Last time we posted in this esteemed spot, we told you that almost a quarter of all general freedom of information (FOI) requests submitted in B.C. over the past year were returned with "No Responsive Records."
We also promised to return with even more interesting details regarding the government's performance on filling FOI requests from citizens. Rest assured, we've got lots of details.
Our newest calculations, based on data published by the Chief Information Officer of B.C. (credit due to the B.C. government for making these numbers widely available), reveal that the FOI situation in this province has gotten significantly worse over the last decade. It seems that thousands of those pesky records have simply disappeared.
Back in the 2002-2003 fiscal year, for example, none of the FOI requests filed by political parties came back non-responsive. By the time this past spring rolled around, however, things looked significantly different, with more than 21 per cent of political party requests shut down by the government saying they didn't have any relevant records.
The news media fared even worse. Once again in 2002-2003, none of the general FOI requests made by media organizations stalled on non-responsive records. By the end of the 2011-2012 fiscal, that figure had skyrocketed to 264 non-responsive requests, accounting for nearly 34 per cent of all requests filed by the media that year.
Third time's the charm right? Let's take a look at what happened to requests from interest groups.
Increases in non-responsive rates for interest group requests more or less matched those of media organizations and political parties, reaching 18 per cent in the 2011-2012 fiscal. But that growth doesn't look so mundane when we realize that the number of interest group requests has actually dropped by almost half since 2002-2003. Even with this significant decline in the number of FOIs submitted, we see a serious reduction in response performance.
To be sure, these increases roughly correspond to an increase in the number of requests filed overall. But the barriers to access facing interest groups in particular make it tough to chalk this troubling trend up to a simple increase in volume.
The figures beg an obvious question: what happened? What brought on this staggering decline in the government's ability to find records in response to FOI requests? Why does it seem to be falling hardest on the groups most likely to ask awkward or impertinent questions of our government?
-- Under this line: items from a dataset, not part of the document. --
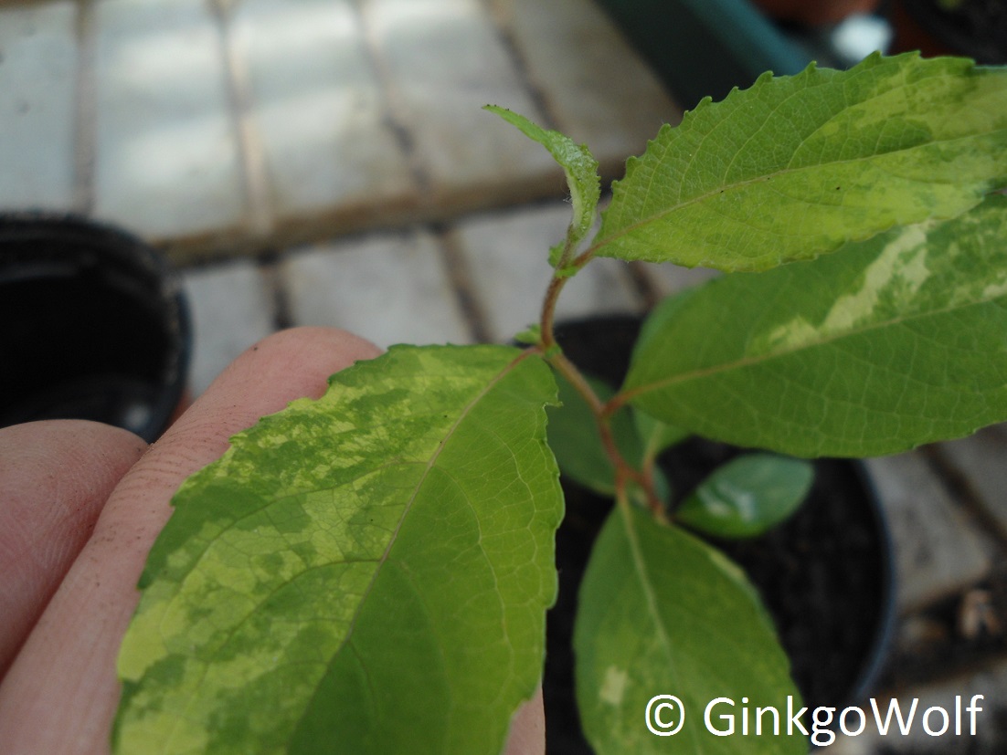Ich hab ein hübsches kleines Pflänzchen aufgegriffen. Es ist mir gleich aufgefallen, denn es ist nicht normal grün, sondern weiß-grün panaschiert. Ich hab es zunächst ein Weilchen beobachtet, um zu sehen, ob sich "die Farbe auswächst", doch als das nicht der Fall war, habe ich beschlossen, das Pflänzchen zu adoptieren. Nicht, dass irgendjemand meint, dass es "Kompost" wär. Das Pflänzchen ist spontan in einem unserer Töpfe aufgegangen.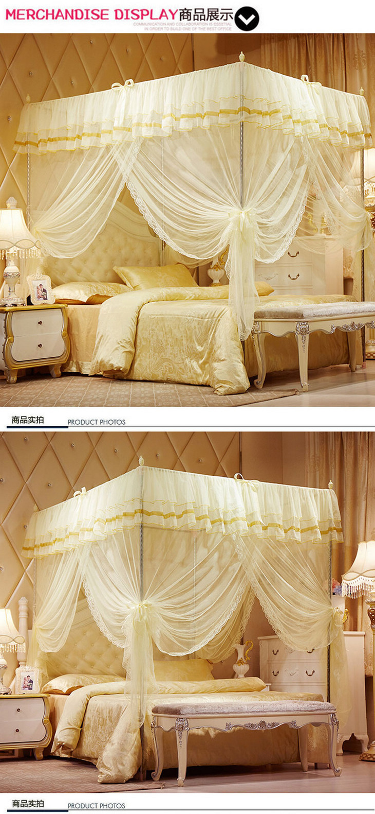 【蚊帐】*高贵优雅宫廷落地式三开门方顶公主蚊帐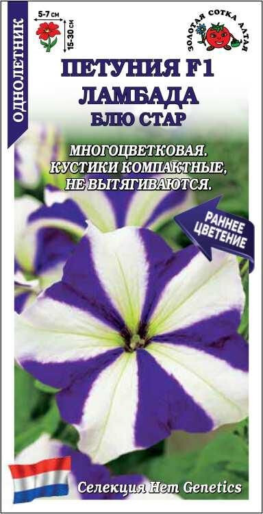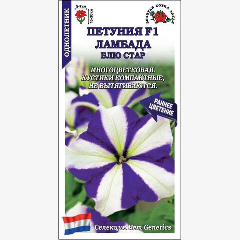 Петунии Ламбада образуют компактные, хорошо разветвленные кустики, не вытягиваются, достигают высоты 15-20 см в горшках и 25-30 см в цветниках. Цветы многочисленные, сине-фиолетовые с белой звездой в центре. Петунии этой серии великолепны в кашпо, вазонах и ящиках, отлично подходят для цветников, где образуют сплошной ковер из цветов. Зацветают рано и обильно цветут до заморозков.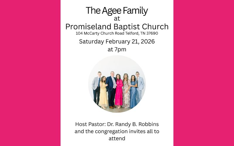 HomeEventsThe Agee Family at Promiseland Baptist Church The Agee Family at Promiseland Baptist Church SHARE NOW Sat, Feb 21 from 7:00pm to 9:00pm Promiseland Baptist Church104 McCarty Church Road, Telford TN Map Add to My Calendar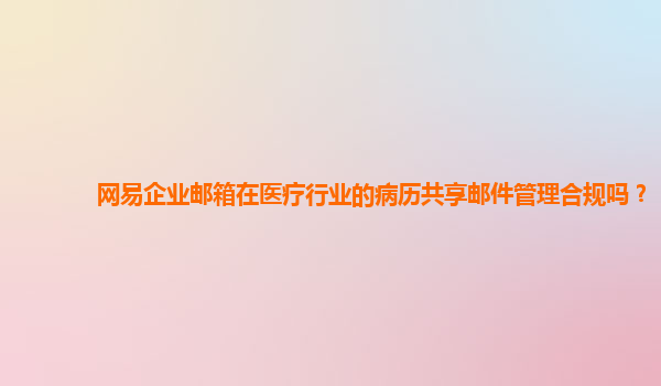 网易企业邮箱在医疗行业的病历共享邮件管理合规性分析 随着信息化时代的到来,电子邮件已经成为了现代企业和组织日常工作中不可或缺的沟通工具。在医疗行业中,随着病历管理的数字化,医疗数据的共享和传递也越来越...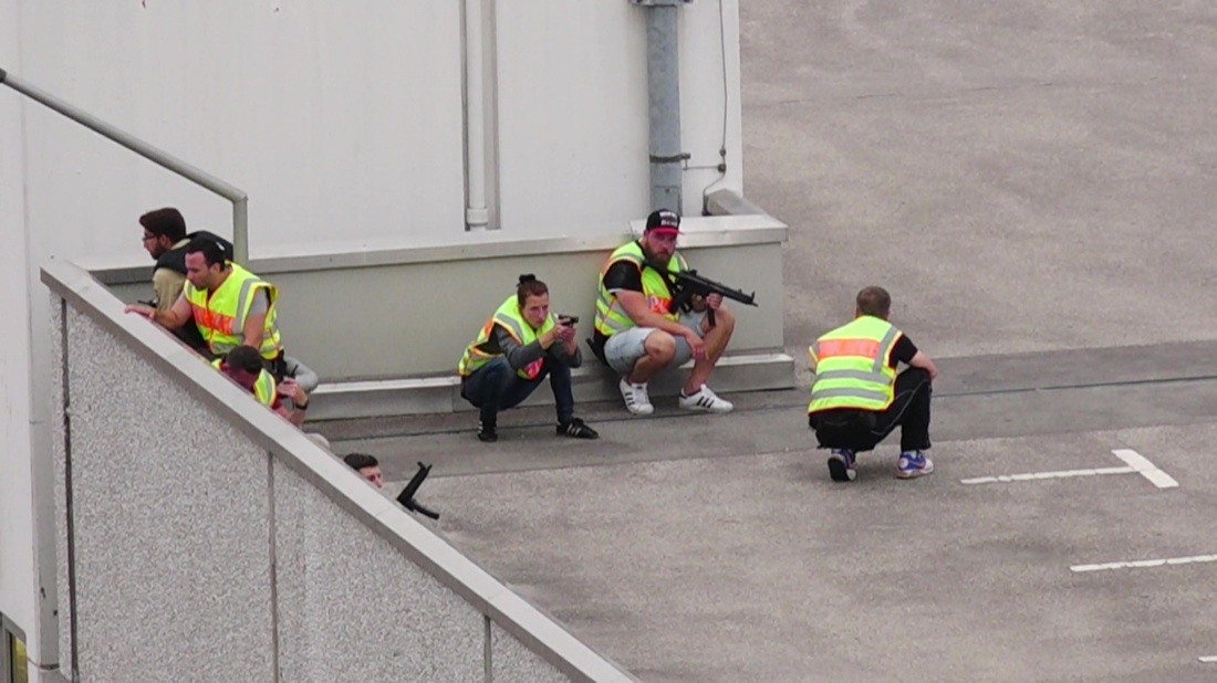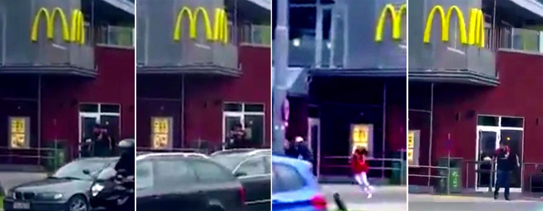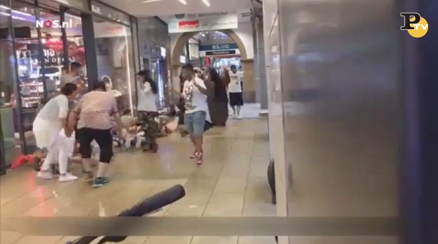 Una combo di frames da un video che mostra uno dei presunti attentatori che esce dal McDonald’s del centro commerciale di Monaco con una pistola in mano sparando indiscriminatamente sulla gente, e una ragazza in fuga. Non si sa ancora chi lo ha pubblicato su twitter.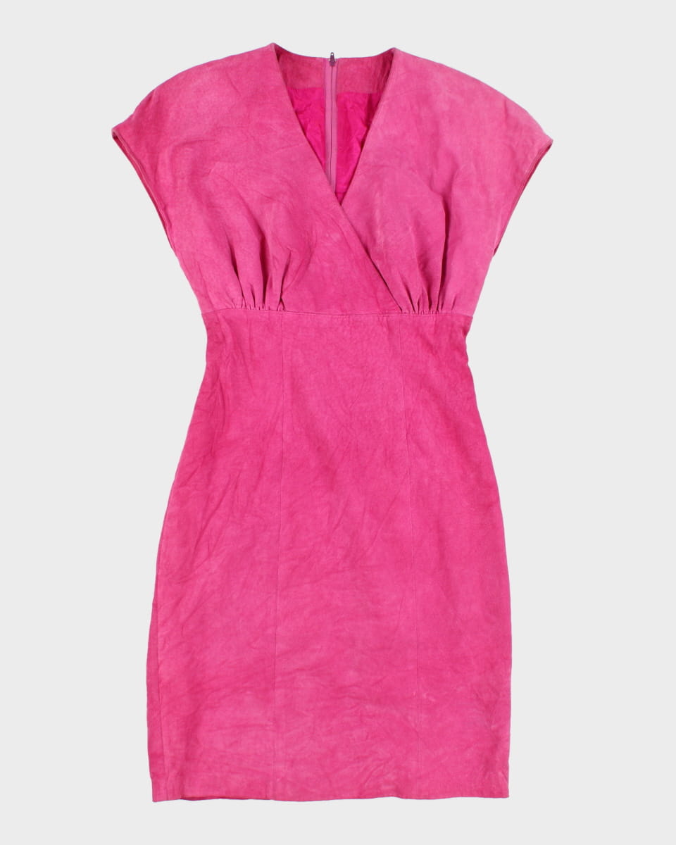 80's Leather Suede Hot Pink Pencil Dress - XS

Are reporters and researchers just getting less savvy and more frivolous? Is the government providing insufficient support to those working in FOI offices?
In her 2010 FOI timeliness report, Information and Privacy Commissioner Elizabeth Denham alluded to the possibility that ministries might be denying access or claiming there were no responsive records to improve their timeliness statistics (which the commissioner's office has just started reporting on). Given these findings, we think she was on to something.
That's why we sent her a copy of our number crunching, along with a complaint. We'll let you know how that turns out.